■ SUPPLIED DATA ■
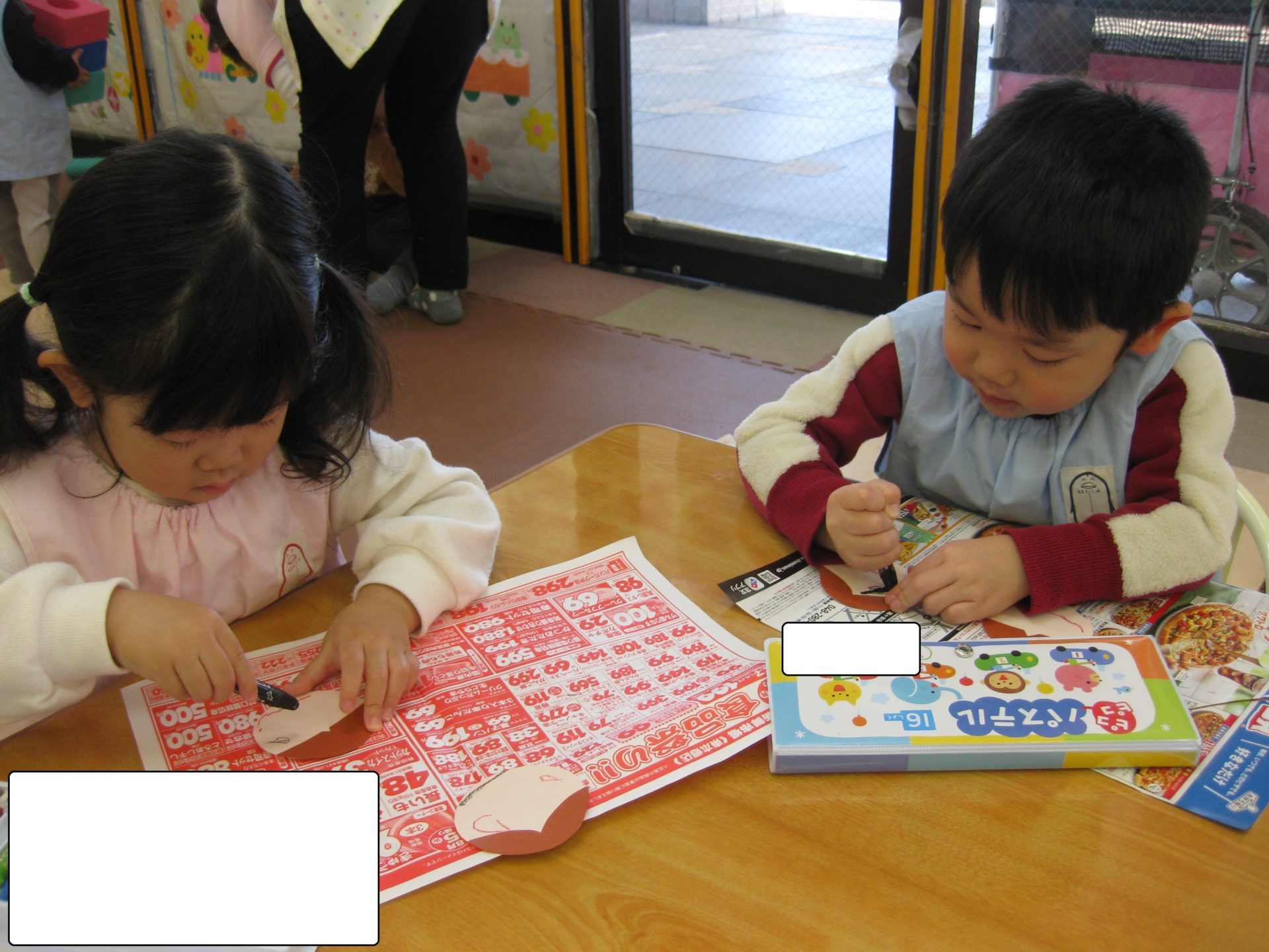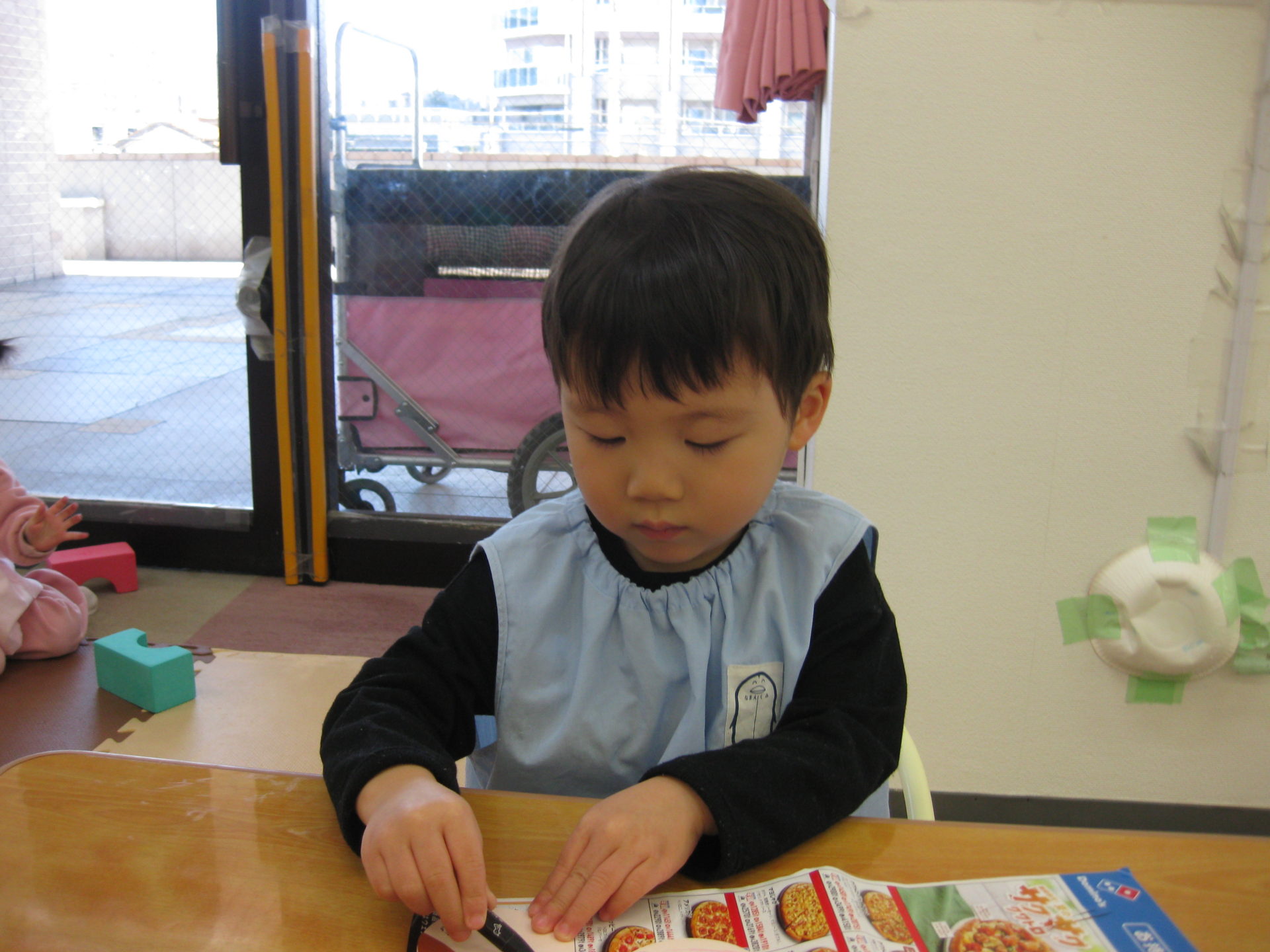お休みしていたお友達もお製作をしましたよ😊とっても真剣な表情ですね!
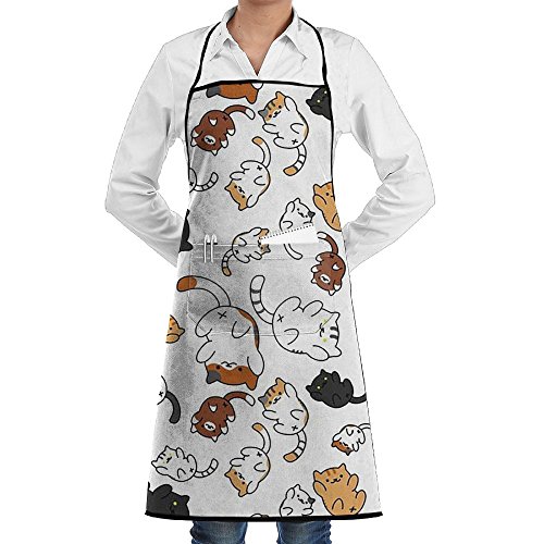-. Title : かわいい猫 エプロン ポケット付 フリーサイズ 首掛け 男女兼用 キッチン カフェ風 保育士 雑貨屋店員 料理 絵画 防水 防油
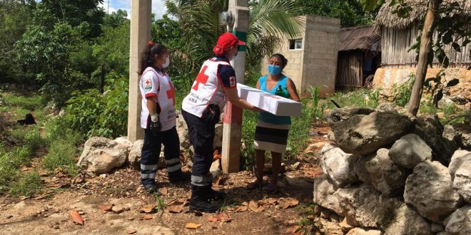 Organizados en dos grupos por el coordinador Estatal de Socoros Fernando Estrada Novelo y el coordinador Estatal de Restablecimiento del Contacto entre Familiares José Antonio Estrella Castro, los voluntarios descargaron los camiones en las comisarías y recorrieron las viviendas con los paquetes de aseo en donde recibieron muestras de agradecimiento por parte de los habitantes.
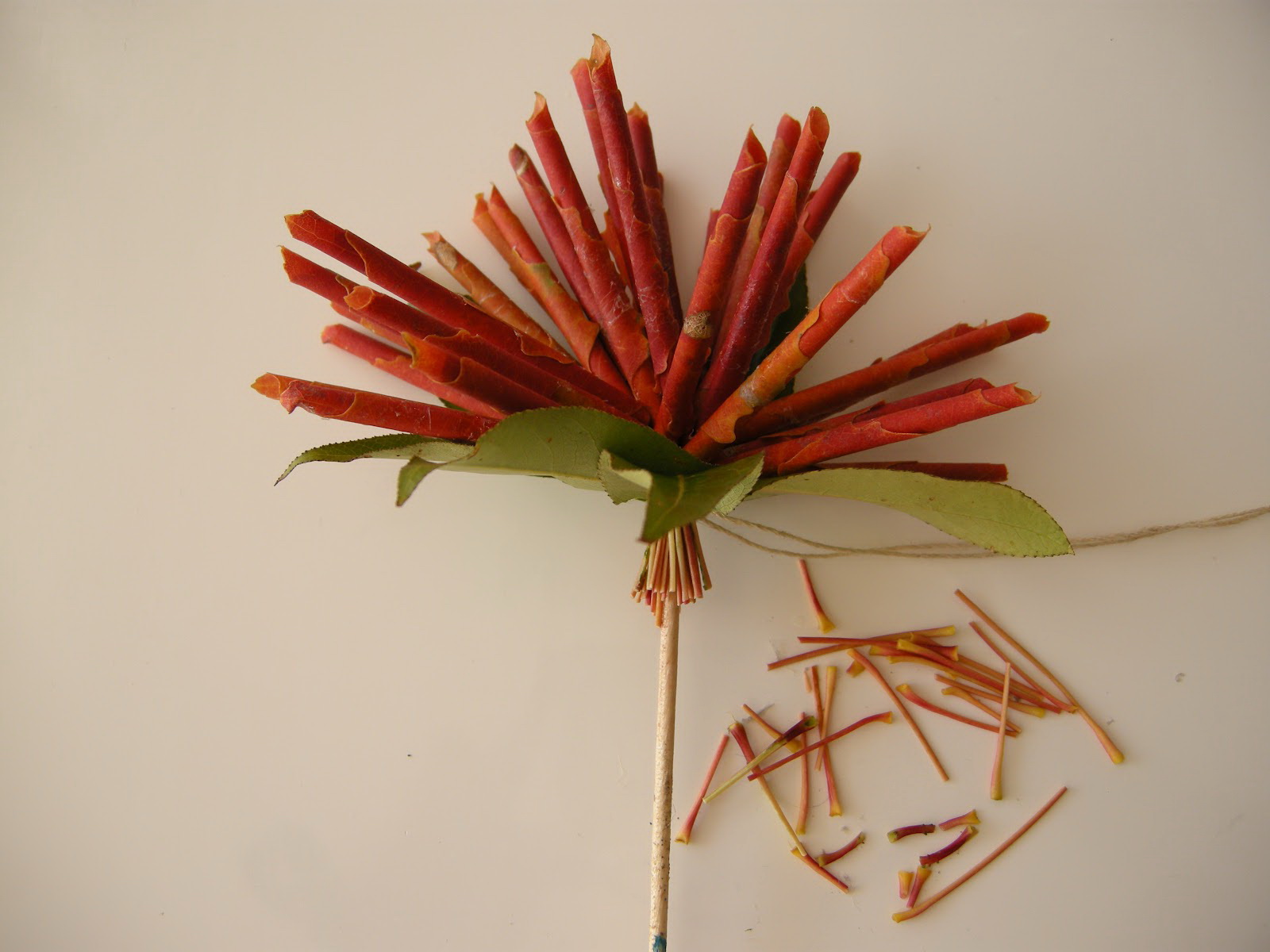 2. Organizei todas as peças florais ao redor do espeto e colei-as com cola quente.
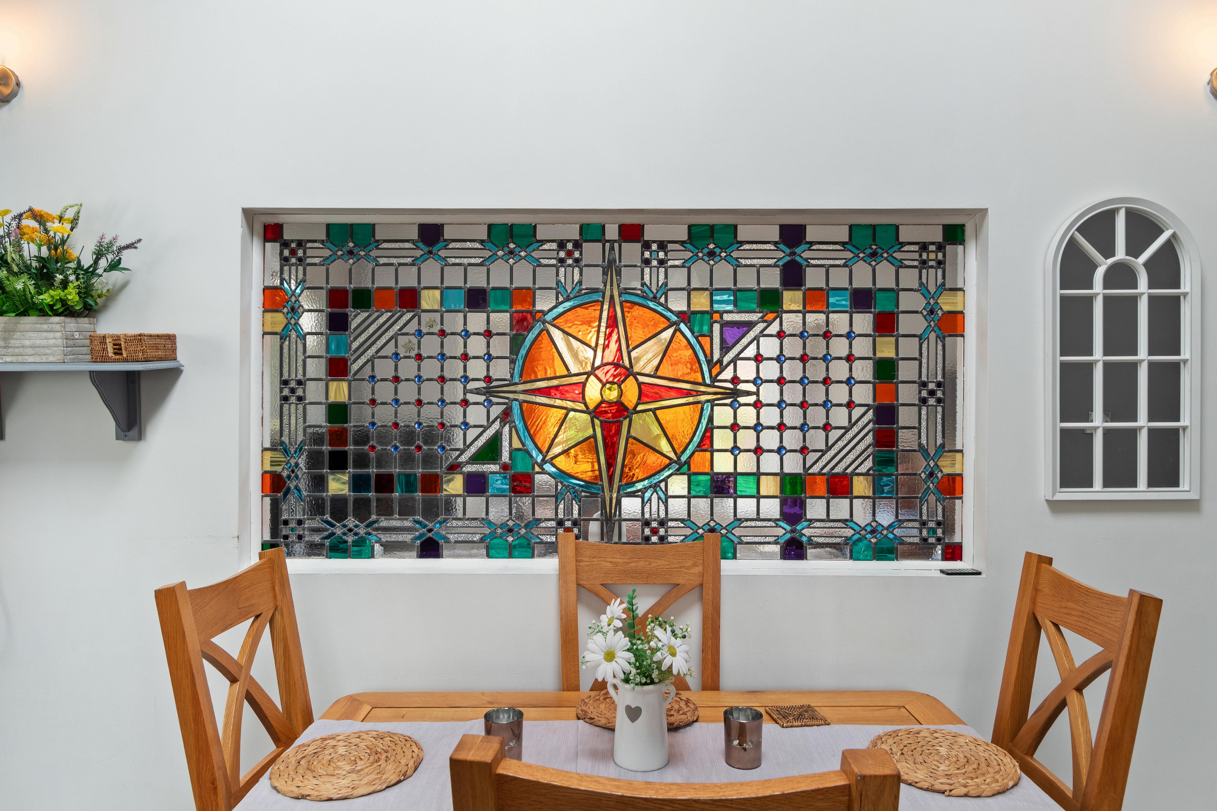 Step inside and be greeted by a welcoming entrance hallway, complete with built-in storage and elegant wood flooring. This space seamlessly connects you to the rest of the property. The stylish lounge boasts a vaulted ceiling and a bay window that floods the room with natural light. A stove fire adds warmth and character, perfect for those cosy evenings. A unique stained-glass window separates the lounge from the kitchen/diner, which also features a vaulted ceiling, ample shaker-style units, tiled flooring, a stable-style side exit door, and space for a dining table. Both double bedrooms offer generous space, with the master bedroom featuring a charming front-facing bay window. The modern family shower room is fully tiled, offering a walk-in shower, a vanity sink and WC unit with built-in storage.
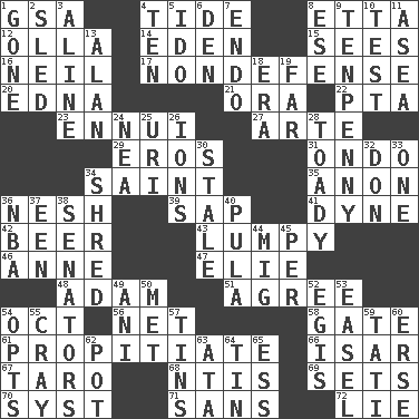 ACROSS 1. Girls' org. (abbr.) 4. Periodic rise and fall of the sea level 8. Singer James 12. Water jar 14. Genesis locale 15. Perceives with the eye 16. Famous astronaut Armstrong 17. Unrelated to defense, as in spending 20. Pulitzer Prize-winning author Ferber 21. Mouth or opening 22. Parent Teacher Assoc. 23. World-weariness 27. Johnson of "Laugh-In" 29. Greek god of love 31. Southwest Nigerian state 34. Virtuous person 35. At once, immediately (arch.) 36. Delicate 39. Plant excrement 41. Centimeter-gram-second unit of force 42. Fermented drink made from hops 43. Containing lumps 46. Queen of England 1702-14 47. Writer Wiesel 48. First of billions? 51. Match 54. Sep. follower 56. Fish or hair follower 58. Yard entry 61. Appease 66. Austrian river, tributary to the Danube 67. Pacific island yam 68. Nuclear Threat Initiatives 69. Arranges properly for use 70. System (abbr.) 71. Without 72. Falsehood DOWN 1. Went 2. Downhill vehicle 3. Place in a line 4. "___ Little Indians" 5. Wedding promise 6. Lair 7. Inside; within (prefix) 8. Compass dir. 9. 3-inch nail 10. Trial 11. Toward the sea 13. ____ Jay Lerner 18. Period 19. Distant 24. Teachers' org. 25. RI univ. 26. Charged atoms 28. Sycophant 30. Lacking originality or spontaneity 32. Spanish title 33. Single 34. Fragment 36. Basketball assoc. 37. Car or cant ending 38. Legislators 40. Monetary unit of Botswana 44. Russian fighter aircraft 45. For each 49. Black tropical American cuckoo 50. Was introduced to 52. The front part of a cuirass 53. Artist's stand 54. Chooses 55. Supercomputer manufacturer 57. Canisters 59. Jacques of French films 60. Celtic language 62. Plant holder 63. "One Day ___ Time" 64. Metal container 65. Curvy letter
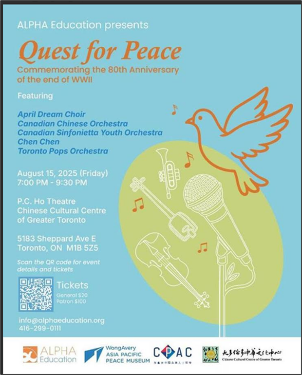 토론토 시민 합창단 사월의꿈 합창단이 8월 15일(금) 오후 7시, 토론토 중국문화센터 P.C. Ho Theatre에서 열리는 ‘ Quest for Peace ’ 평화 콘서트의 오프닝 무대를 장식했다.
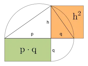 Independientemente de las proporciones del rectángulo dado (aquí, en color verde), se asume que un lado es la sección de la hipotenusa p y el otro lado es la sección de la hipotenusa q de un triángulo rectángulo. Luego, se pivota el lado más corto del ángulo recto y se obtiene la base de un triángulo rectángulo. Sobre esta base se aplica el teorema de Tales. La extensión del lado más corto del triángulo rectángulo interseca la circunferencia de Tales y proporciona la altura del triángulo rectángulo con las secciones de hipotenusa p y q. Si ahora se construye un cuadrado (aquí naranja) por encima de esta altura, entonces tiene exactamente la misma área que el rectángulo dado.
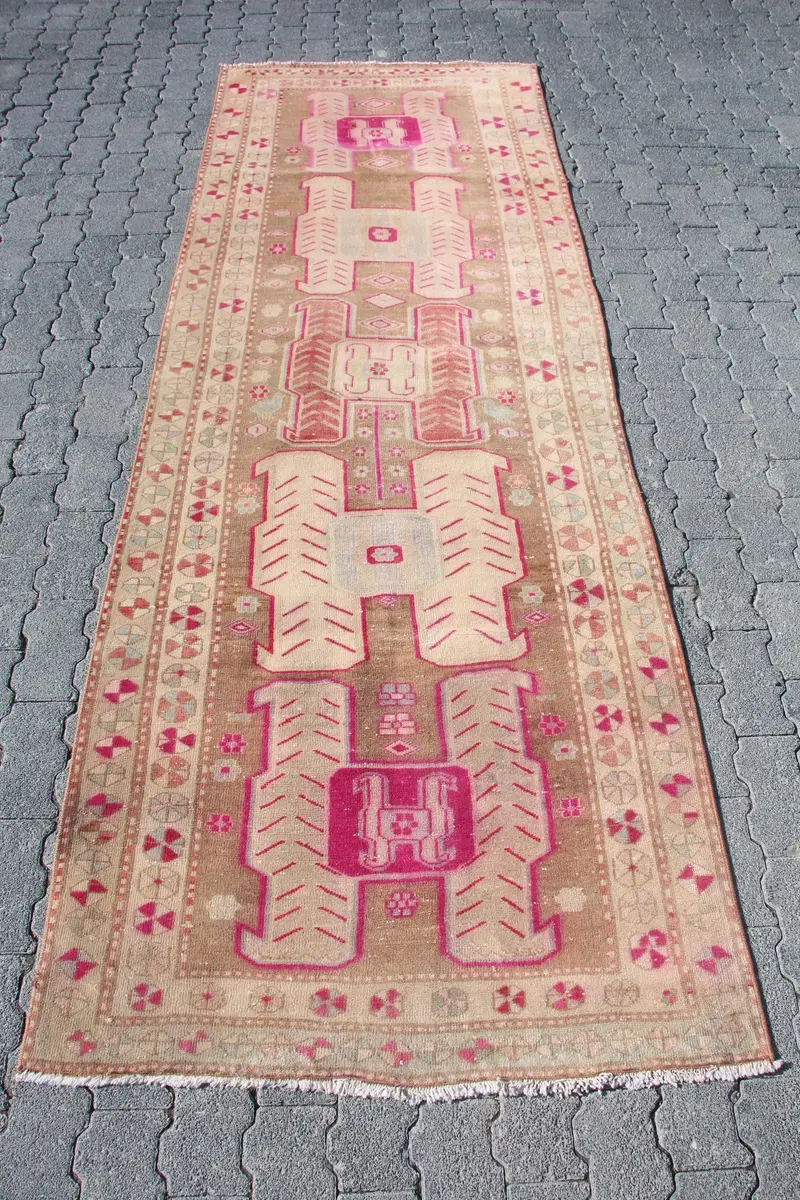 Rosafarbener geometrischer Teppich, 3,4 x 9,6 Fuß mit Blumenmotiven
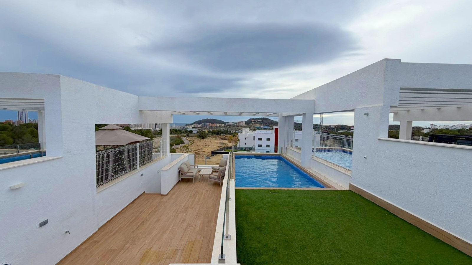 Дом вашей мечты ждет вас на побережье Коста Бланка, в развивающемся уникальном районе Терра Марина с видом на Средиземное море, которым вы можете наслаждаться из своего частного бассейна или великолепного солярия.
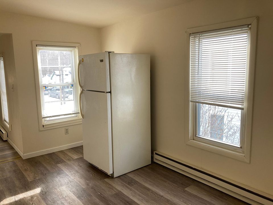 One bedroom upper apartment avail now. New floors, fresh paint and new blinds on all of the white vinyl replacement windows. Nice size bedroom with roomy closet. Eat in kitchen with appliances and storage pantry. Roomy bathroom. Some pets allowed with pet deposit. Off street parking for one car. Locally managed. Month to moth occupancy, tenant pays own gas and electric, cable and internet. Security deposit due at signing. Located on Seymour St between State & Washington. Email, call or text to set up a viewing or for more information. Must provide FULL name and availability in message

■ EXERCISE DETAILS ■
For this exercise, return the material word for word and drop each image.

■ RESPONSE BELOW ■
お休みしていたお友達もお製作をしましたよ😊とっても真剣な表情ですね!
-. Title : かわいい猫 エプロン ポケット付 フリーサイズ 首掛け 男女兼用 キッチン カフェ風 保育士 雑貨屋店員 料理 絵画 防水 防油
 Organizados en dos grupos por el coordinador Estatal de Socoros Fernando Estrada Novelo y el coordinador Estatal de Restablecimiento del Contacto entre Familiares José Antonio Estrella Castro, los voluntarios descargaron los camiones en las comisarías y recorrieron las viviendas con los paquetes de aseo en donde recibieron muestras de agradecimiento por parte de los habitantes.
 2. Organizei todas as peças florais ao redor do espeto e colei-as com cola quente.
 Step inside and be greeted by a welcoming entrance hallway, complete with built-in storage and elegant wood flooring. This space seamlessly connects you to the rest of the property. The stylish lounge boasts a vaulted ceiling and a bay window that floods the room with natural light. A stove fire adds warmth and character, perfect for those cosy evenings. A unique stained-glass window separates the lounge from the kitchen/diner, which also features a vaulted ceiling, ample shaker-style units, tiled flooring, a stable-style side exit door, and space for a dining table. Both double bedrooms offer generous space, with the master bedroom featuring a charming front-facing bay window. The modern family shower room is fully tiled, offering a walk-in shower, a vanity sink and WC unit with built-in storage.
 ACROSS 1. Girls' org. (abbr.) 4. Periodic rise and fall of the sea level 8. Singer James 12. Water jar 14. Genesis locale 15. Perceives with the eye 16. Famous astronaut Armstrong 17. Unrelated to defense, as in spending 20. Pulitzer Prize-winning author Ferber 21. Mouth or opening 22. Parent Teacher Assoc. 23. World-weariness 27. Johnson of "Laugh-In" 29. Greek god of love 31. Southwest Nigerian state 34. Virtuous person 35. At once, immediately (arch.) 36. Delicate 39. Plant excrement 41. Centimeter-gram-second unit of force 42. Fermented drink made from hops 43. Containing lumps 46. Queen of England 1702-14 47. Writer Wiesel 48. First of billions? 51. Match 54. Sep. follower 56. Fish or hair follower 58. Yard entry 61. Appease 66. Austrian river, tributary to the Danube 67. Pacific island yam 68. Nuclear Threat Initiatives 69. Arranges properly for use 70. System (abbr.) 71. Without 72. Falsehood DOWN 1. Went 2. Downhill vehicle 3. Place in a line 4. "___ Little Indians" 5. Wedding promise 6. Lair 7. Inside; within (prefix) 8. Compass dir. 9. 3-inch nail 10. Trial 11. Toward the sea 13. ____ Jay Lerner 18. Period 19. Distant 24. Teachers' org. 25. RI univ. 26. Charged atoms 28. Sycophant 30. Lacking originality or spontaneity 32. Spanish title 33. Single 34. Fragment 36. Basketball assoc. 37. Car or cant ending 38. Legislators 40. Monetary unit of Botswana 44. Russian fighter aircraft 45. For each 49. Black tropical American cuckoo 50. Was introduced to 52. The front part of a cuirass 53. Artist's stand 54. Chooses 55. Supercomputer manufacturer 57. Canisters 59. Jacques of French films 60. Celtic language 62. Plant holder 63. "One Day ___ Time" 64. Metal container 65. Curvy letter
 토론토 시민 합창단 사월의꿈 합창단이 8월 15일(금) 오후 7시, 토론토 중국문화센터 P.C. Ho Theatre에서 열리는 ‘ Quest for Peace ’ 평화 콘서트의 오프닝 무대를 장식했다.
 Independientemente de las proporciones del rectángulo dado (aquí, en color verde), se asume que un lado es la sección de la hipotenusa p y el otro lado es la sección de la hipotenusa q de un triángulo rectángulo. Luego, se pivota el lado más corto del ángulo recto y se obtiene la base de un triángulo rectángulo. Sobre esta base se aplica el teorema de Tales. La extensión del lado más corto del triángulo rectángulo interseca la circunferencia de Tales y proporciona la altura del triángulo rectángulo con las secciones de hipotenusa p y q. Si ahora se construye un cuadrado (aquí naranja) por encima de esta altura, entonces tiene exactamente la misma área que el rectángulo dado.
 Rosafarbener geometrischer Teppich, 3,4 x 9,6 Fuß mit Blumenmotiven
 Дом вашей мечты ждет вас на побережье Коста Бланка, в развивающемся уникальном районе Терра Марина с видом на Средиземное море, которым вы можете наслаждаться из своего частного бассейна или великолепного солярия.
 One bedroom upper apartment avail now. New floors, fresh paint and new blinds on all of the white vinyl replacement windows. Nice size bedroom with roomy closet. Eat in kitchen with appliances and storage pantry. Roomy bathroom. Some pets allowed with pet deposit. Off street parking for one car. Locally managed. Month to moth occupancy, tenant pays own gas and electric, cable and internet. Security deposit due at signing. Located on Seymour St between State & Washington. Email, call or text to set up a viewing or for more information. Must provide FULL name and availability in message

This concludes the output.